Starting at the top of the records below and ending with the line that contains "А как ты думаешь, о", print each line exactly as written, skipping the pictures.

[Input data Boundary: Start]

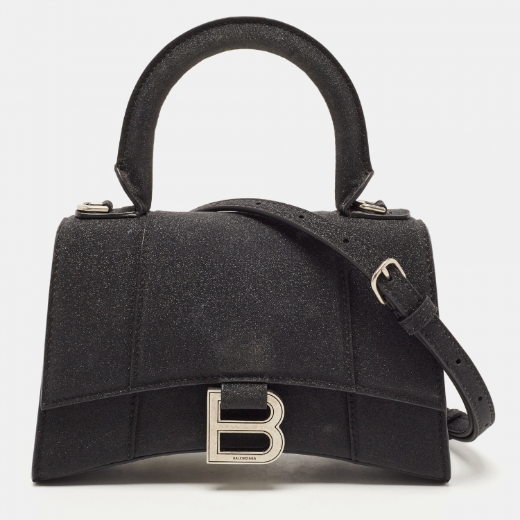Balenciaga Black Glitter Leather XS Hourglass Top Handle Bag
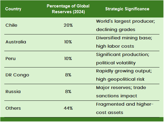 The geopolitical risk to the copper supply chain is increased by the geographic concentration of both reserves and refining capacity. Over 50% of global copper reserves are located in just five countries: Chile, Australia, Peru, the Democratic Republic of the Congo, and Russia.15
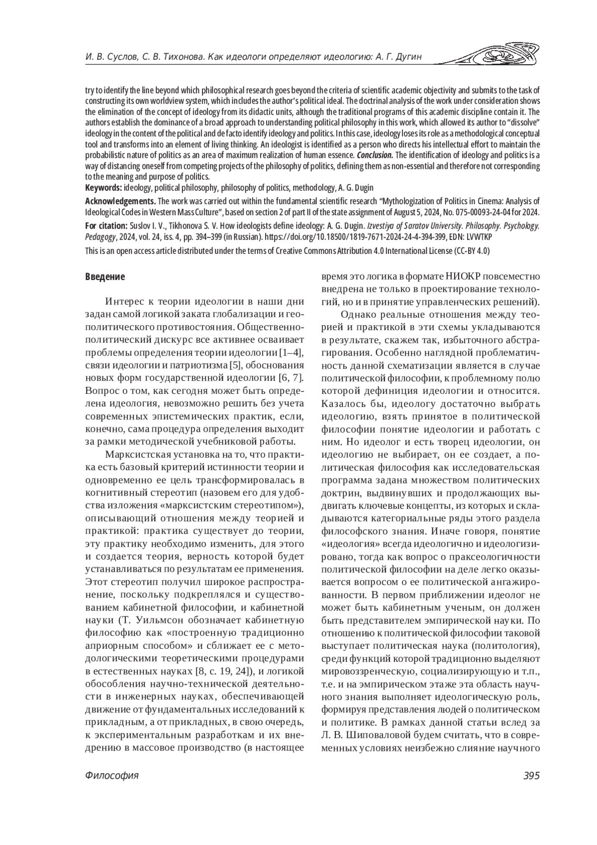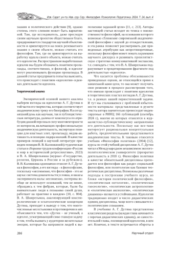 Введение. Идеология как категория политической философии в условиях цифрового общества не может определяться нейтрально и автономно от деятельности определяющего ее субъекта. Теоретический анализ. На примере конкретной системы взглядов показана неизбежность идеологичности и идеологизированности понятия «идеология». При рассмотрении учебника А. Г. Дугина «Философия политики» предпринята попытка выявить ту грань, за которой философское исследование выходит за критерии научной академической объективности и подчиняется задаче конструирования собственной мировоззренческой системы, включающей в себя авторский политический идеал. Доктринальный анализ настоящей работы показывае тэлиминацию концепта идеологии из его дидактических единиц, хотя традиционные программы данной учебной дисциплины ее содержат. Устанавливается доминирование широкого подхода к пониманию политической философии в данной работе, позволивший ее автору «растворить» идеологию в содержании политического и де факто отождествить идеологию и политику. В этом случае идеология теряет роль методологического концептуального инструмента и трансформируется в стихию живого мышления, что выявляют идеолога, направляющего свое интеллектуальное усилие на удержание пробабилистического характера политики как области максимальной реализации человеческой сущности.
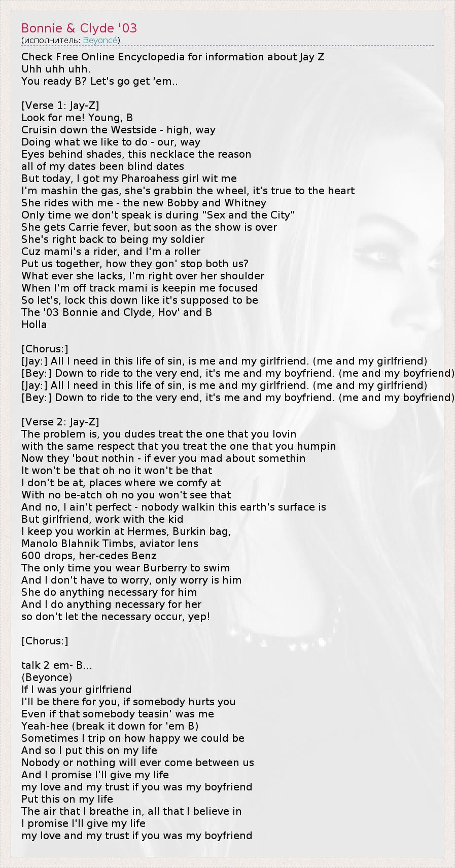 А как ты думаешь, о чем песня "Bonnie & Clyde '03" ?
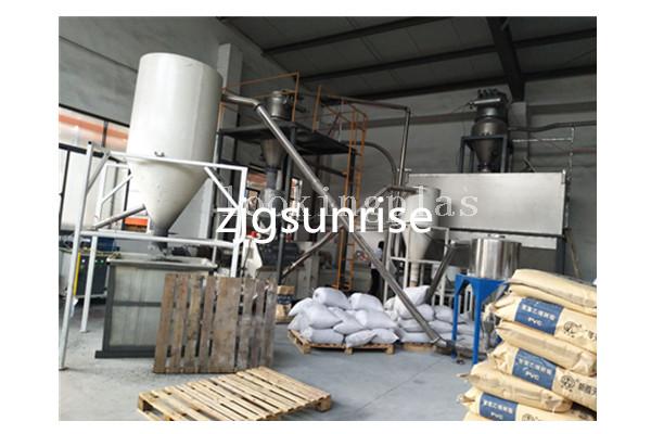 This system is designed for more than one extruder designed automatic feeding, material storage and transportation are conducted in the airtight container and stainless steel pipe. And took some dust control measures, effectively preventing the dust pollution. Keep the workshop clean environment. Control system adopts imported PLC control, the main electrical parts were moved with imported famous brand product guarantee long-term, reliable, and the whole system run efficiently. Control system can automatic or semi-automatic complete the whole loading process, the mimic panel can be light real-time display the running state of the different parts of the system, and can to flash alarm failure part, to the operator attention.
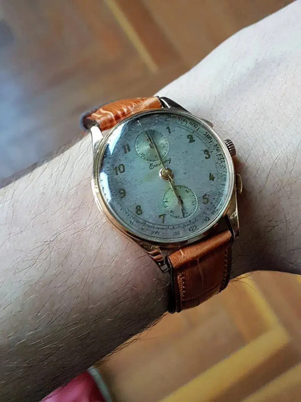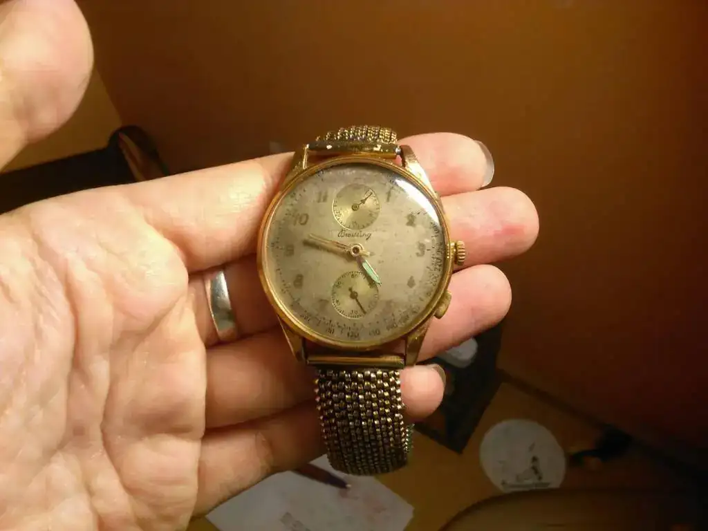 Por lo que he podido averiguar, Breitling creó y aplicó el cronógrafo allá por 1934, y el doble pulsador a las 2 y 4 h es posterior, así que debería ser de los años 40 por estética a mi entender. Justo escribiendo acabo de encontrar un modelo muy muy similar en venta en Pamono https://www.pamono.es/reloj-cronografo-venus-170-de-oro-de-breitling-a-os-40, así que deduzco que podría tratarse de un Venus 170 no?
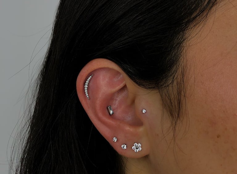 Nosso serviço de piercing une estética, segurança e tecnologia, com materiais esterilizados e joias em titânio hipoalergênico, leve e altamente compatível com o corpo, favorecendo uma cicatrização mais tranquila.
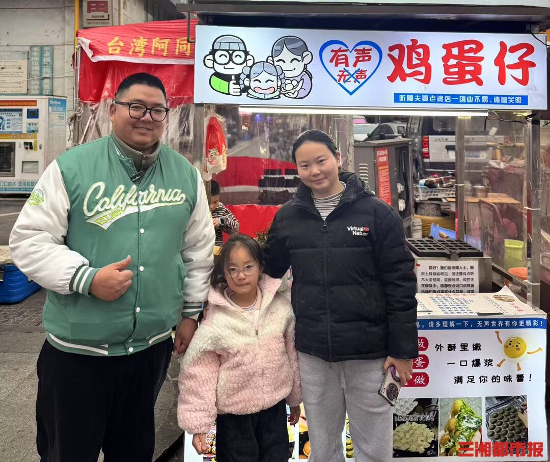 湛靖雯笑着告诉记者,2024年4月,夫妻俩将“无声鸡蛋仔”的招牌换成了“有声鸡蛋仔”,其中“有声”两个字还特别用爱心圈了出来,“看着这两个字,我们就感觉温暖,不会忘记那些帮助我们的人。”
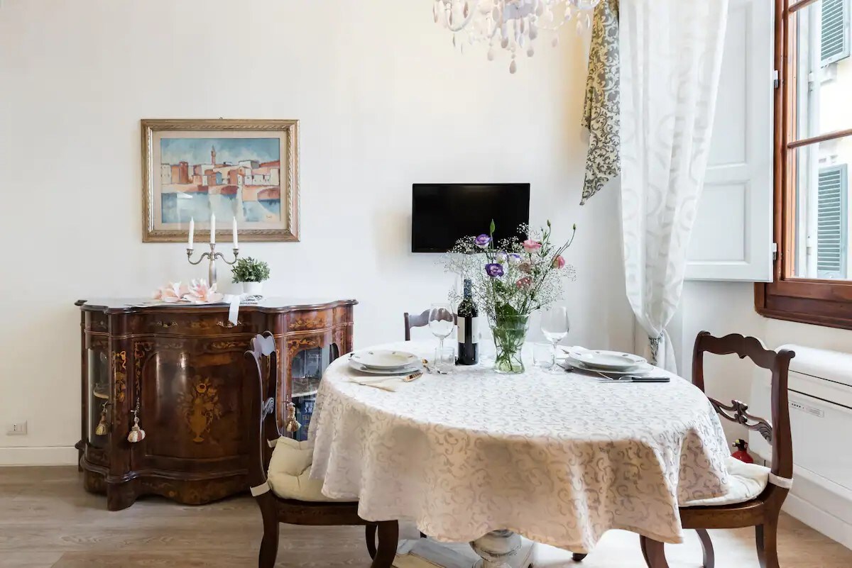 Відчиніть великі скляні двері, щоб впустити запах тосканських трав; вийдіть на терасу та відкуповуйте вино санджовезе, щоб насолодитися приголомшливим видом на Дуомо. Ця романтична квартира на даху, розташована на дахах автентичних районів Санта-Кроче та Сант-Амброджо, має абсолютно нову техніку, антикварні меблі та меблі ручної роботи, дві ванні кімнати та всі необхідні зручності для ідеальної бази для вивчення Флоренції.

[Input data Boundary: End]

#### [Answer to this exercise]
Balenciaga Black Glitter Leather XS Hourglass Top Handle Bag
 The geopolitical risk to the copper supply chain is increased by the geographic concentration of both reserves and refining capacity. Over 50% of global copper reserves are located in just five countries: Chile, Australia, Peru, the Democratic Republic of the Congo, and Russia.15
 Введение. Идеология как категория политической философии в условиях цифрового общества не может определяться нейтрально и автономно от деятельности определяющего ее субъекта. Теоретический анализ. На примере конкретной системы взглядов показана неизбежность идеологичности и идеологизированности понятия «идеология». При рассмотрении учебника А. Г. Дугина «Философия политики» предпринята попытка выявить ту грань, за которой философское исследование выходит за критерии научной академической объективности и подчиняется задаче конструирования собственной мировоззренческой системы, включающей в себя авторский политический идеал. Доктринальный анализ настоящей работы показывае тэлиминацию концепта идеологии из его дидактических единиц, хотя традиционные программы данной учебной дисциплины ее содержат. Устанавливается доминирование широкого подхода к пониманию политической философии в данной работе, позволивший ее автору «растворить» идеологию в содержании политического и де факто отождествить идеологию и политику. В этом случае идеология теряет роль методологического концептуального инструмента и трансформируется в стихию живого мышления, что выявляют идеолога, направляющего свое интеллектуальное усилие на удержание пробабилистического характера политики как области максимальной реализации человеческой сущности.
 А как ты думаешь, о чем песня "Bonnie & Clyde '03" ?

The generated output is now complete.